| Assignment |
The material below is to be copied exactly from the line with "新山王橋バス停は、以前は、棡" up to and including the line with "Safe Area是在iOS 9中添加的特性。如果你不需要使用Safe", with nothing else kept and no pictures.
• • • •
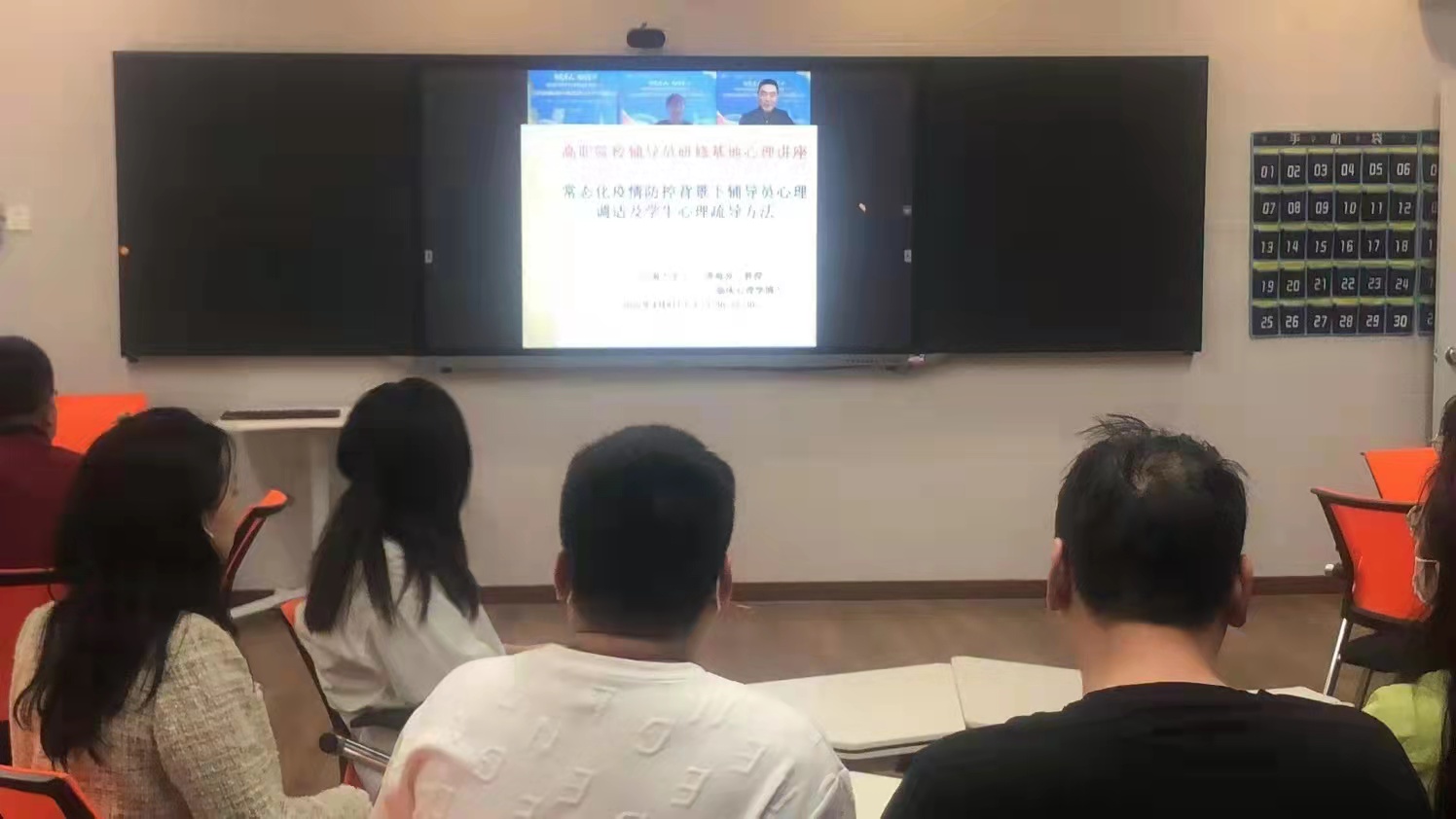 为提升辅导员在疫情防控中开展学生心理工作的能力,中南大学心理健康教育与咨询专家、临床心理学博士、注册心理督导师唐海波教授应邀以线上直播形式,作了“疫情防控背景下辅导员学生心理调适及心理筑导方法”专题辅导讲座。2022年4月8日下午13.30-15:30,商贸分院组织德育教研室和实践教研室的全体教师观看线上直播讲座。
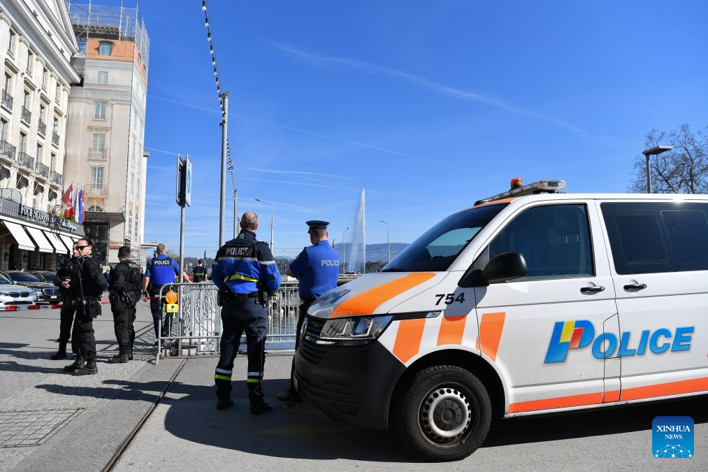 Police are seen in Geneva, Switzerland, Feb. 26, 2026. Ukrainian and U.S. delegations began talks in Geneva on Thursday as part of the efforts to end the years-long Ukraine-Russia conflict. (Xinhua/Lian Yi)
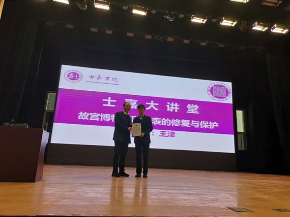 图书馆馆长、士嘉书院院长姚仰平教授首先致辞,他介绍了王津在故宫文物修复与保护工作所做的工作与成就,对以王津为代表的故宫文物修复师在工作中展现出来的工匠精神进行了高度赞扬,号召同学们在今后学习和科研中继承和发扬这种工匠精神。
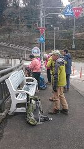 新山王橋バス停は、以前は、棡原中学校と言って居ましたが、廃校に成ったと同時に名前も変更に成ったようです。新山王橋で身支度を整えて車道を歩き始めました。ガードレールの外側にフキノトウが見えます。いくつか積みながらあるきました。春のいい香りです。車道と別れて急なアスファルトの道を進みます。人家があります。陽当たりは良さそうだけれど年取ったら大変そう。アスファルト道からゴロゴロ石の登山道に変わり小さな小川を渡り、尾根に取りつきます。暫くは、穏やかな登山道でしたが、峠に近づくに連れて道はジグザグに変わり何回も折り返して峠に到着。ここで5分程の休憩で出発でしたが、体調不良者が出たので、リーダーと参加者で協議の結果、大事を取ってここで下山することに成りタクシーで駅まで戻り解散に成りました。 (O)
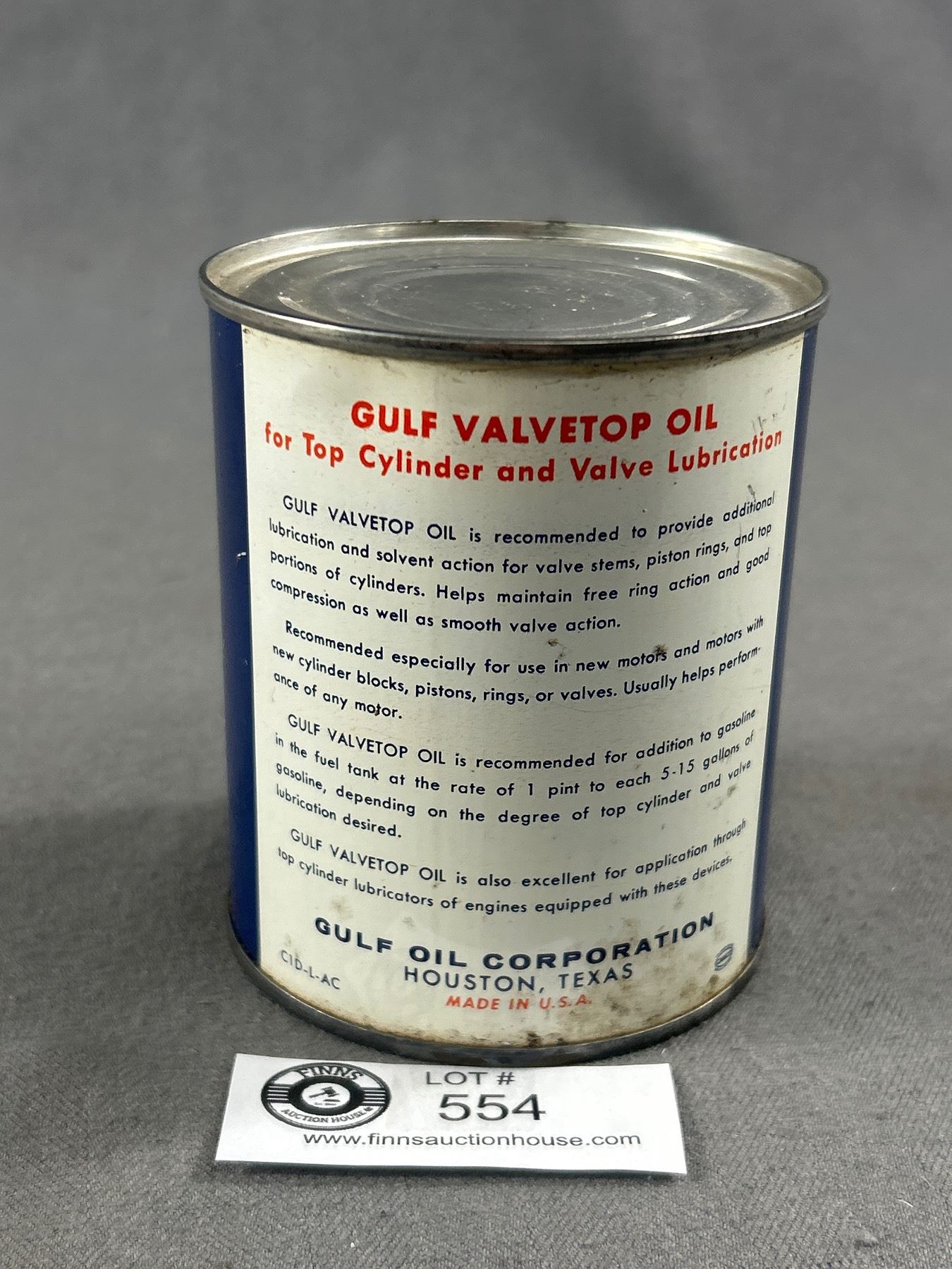 Vintage Gulf Valvetop Oil One Pint Tin. Empty
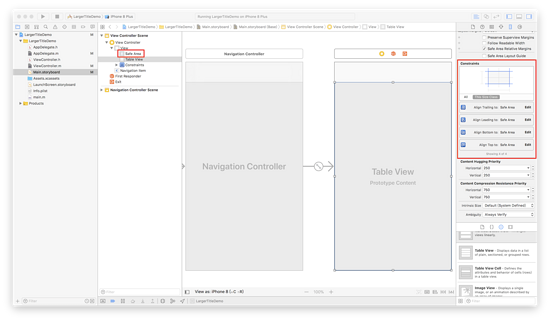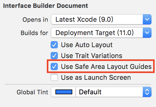 Safe Area是在iOS 9中添加的特性。如果你不需要使用Safe Area,或需要在舊版本的App中添加Safe Area,可以在XIB或StoryBoard的右側邊欄中“Show the File inspector”標簽下對“Use Safe Area Layout Guides”選項下進行勾選,以添加或刪除Safe Area。
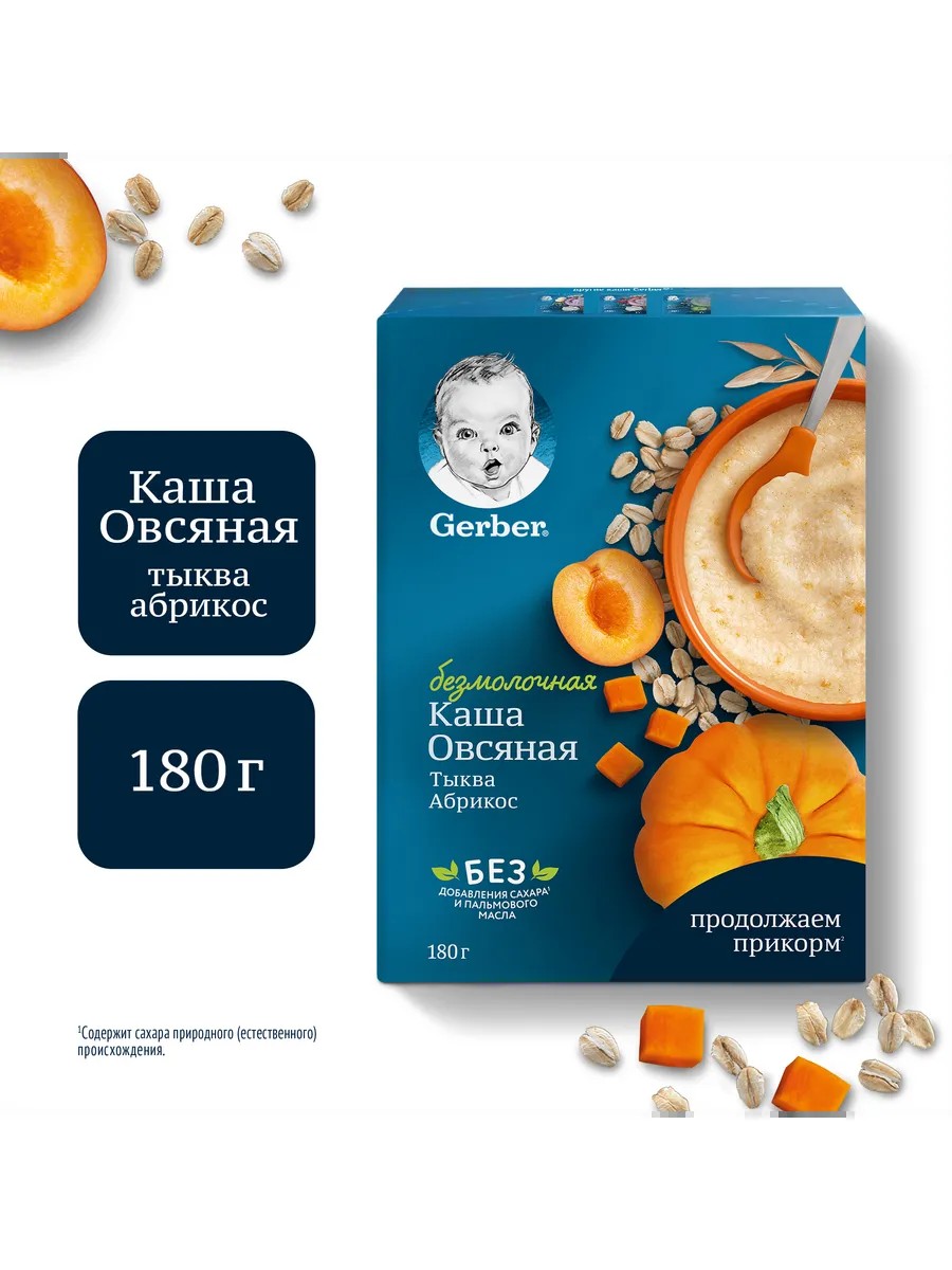 GERBER. Dairy-Free Oatmeal with Pumpkin and Apricot for Starting Weaning, with Bifidobacteria BL, from 5 months. 180g. Gerber knows that introducing solid foods is a special occasion for you and your baby. You want your baby to experience only the best. And so do we! That's why Gerber cereals contain only natural ingredients and nothing unnecessary. We build long-term partnerships with farmers and raw material suppliers to ensure the highest quality fruits and grains. We add iron to Gerber cereals, as this element is essential for preventing iron deficiency and for full physical and mental development.
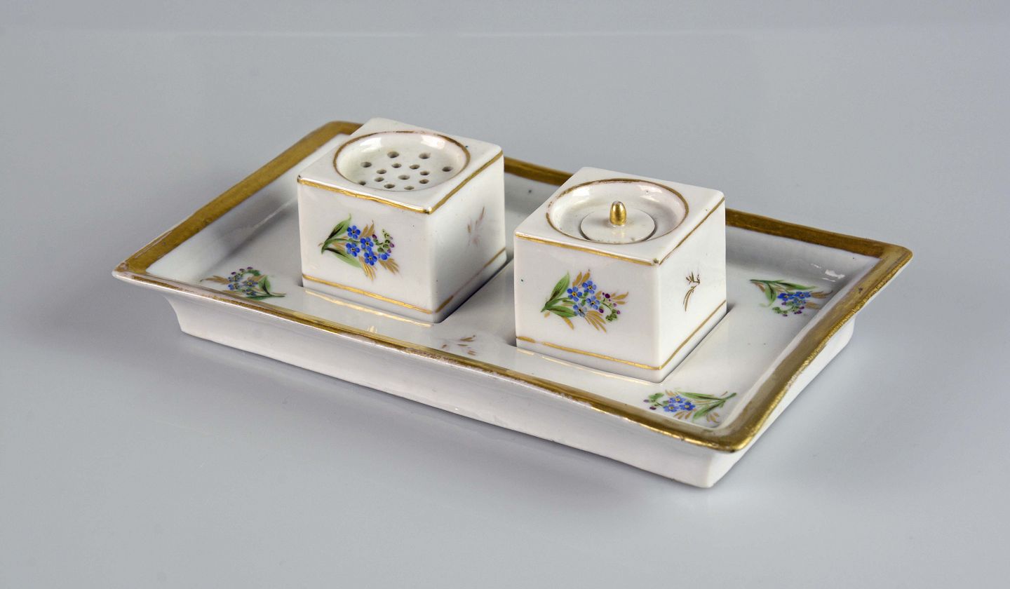 Sættet består af en porcelænsbakke, et blækhus med låg samt en strødåse.
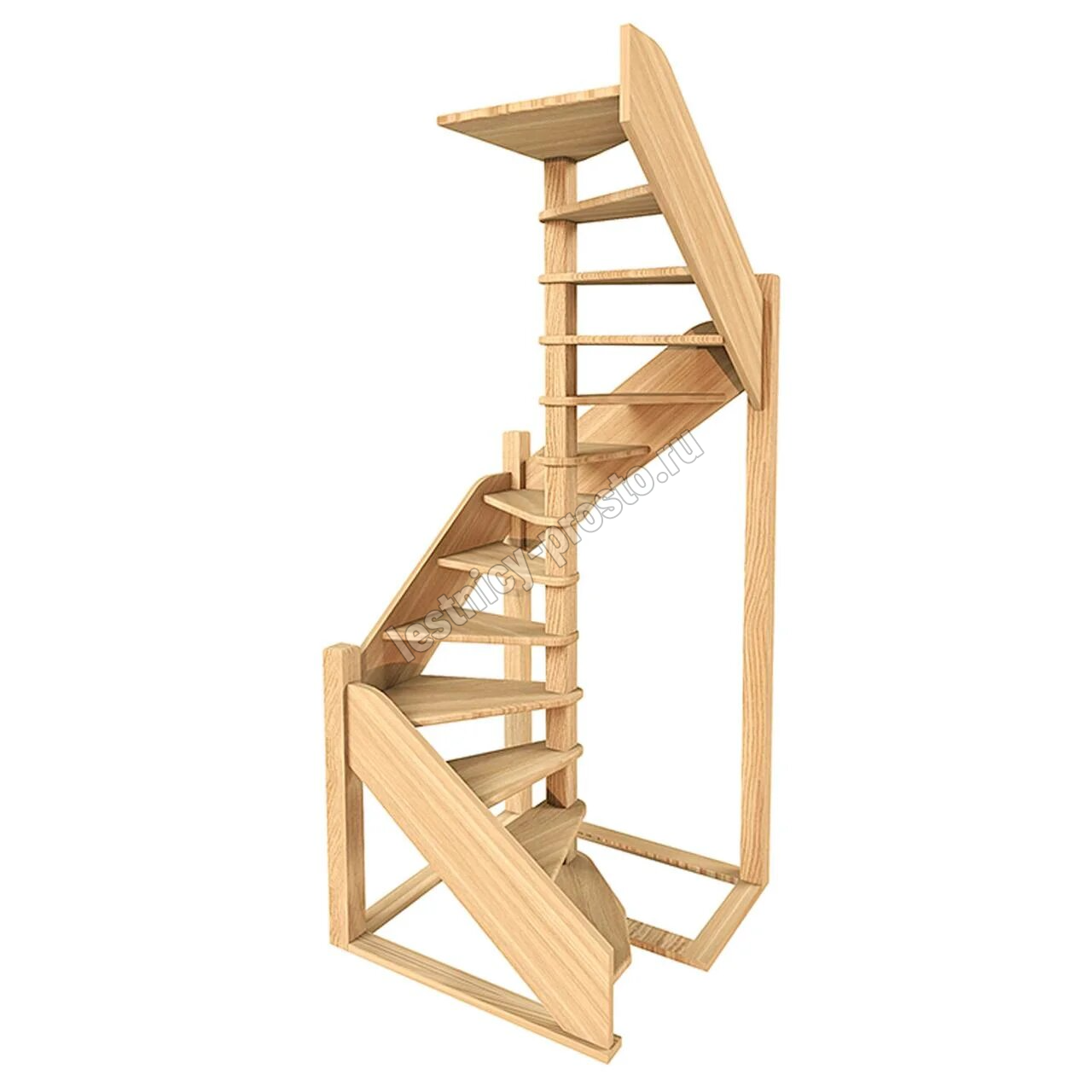Деревянная межэтажная лестница ЛЕС-1,2ВУ, Лиственница
• • • •
| Completed task |
 新山王橋バス停は、以前は、棡原中学校と言って居ましたが、廃校に成ったと同時に名前も変更に成ったようです。新山王橋で身支度を整えて車道を歩き始めました。ガードレールの外側にフキノトウが見えます。いくつか積みながらあるきました。春のいい香りです。車道と別れて急なアスファルトの道を進みます。人家があります。陽当たりは良さそうだけれど年取ったら大変そう。アスファルト道からゴロゴロ石の登山道に変わり小さな小川を渡り、尾根に取りつきます。暫くは、穏やかな登山道でしたが、峠に近づくに連れて道はジグザグに変わり何回も折り返して峠に到着。ここで5分程の休憩で出発でしたが、体調不良者が出たので、リーダーと参加者で協議の結果、大事を取ってここで下山することに成りタクシーで駅まで戻り解散に成りました。 (O)
 Vintage Gulf Valvetop Oil One Pint Tin. Empty
 Safe Area是在iOS 9中添加的特性。如果你不需要使用Safe Area,或需要在舊版本的App中添加Safe Area,可以在XIB或StoryBoard的右側邊欄中“Show the File inspector”標簽下對“Use Safe Area Layout Guides”選項下進行勾選,以添加或刪除Safe Area。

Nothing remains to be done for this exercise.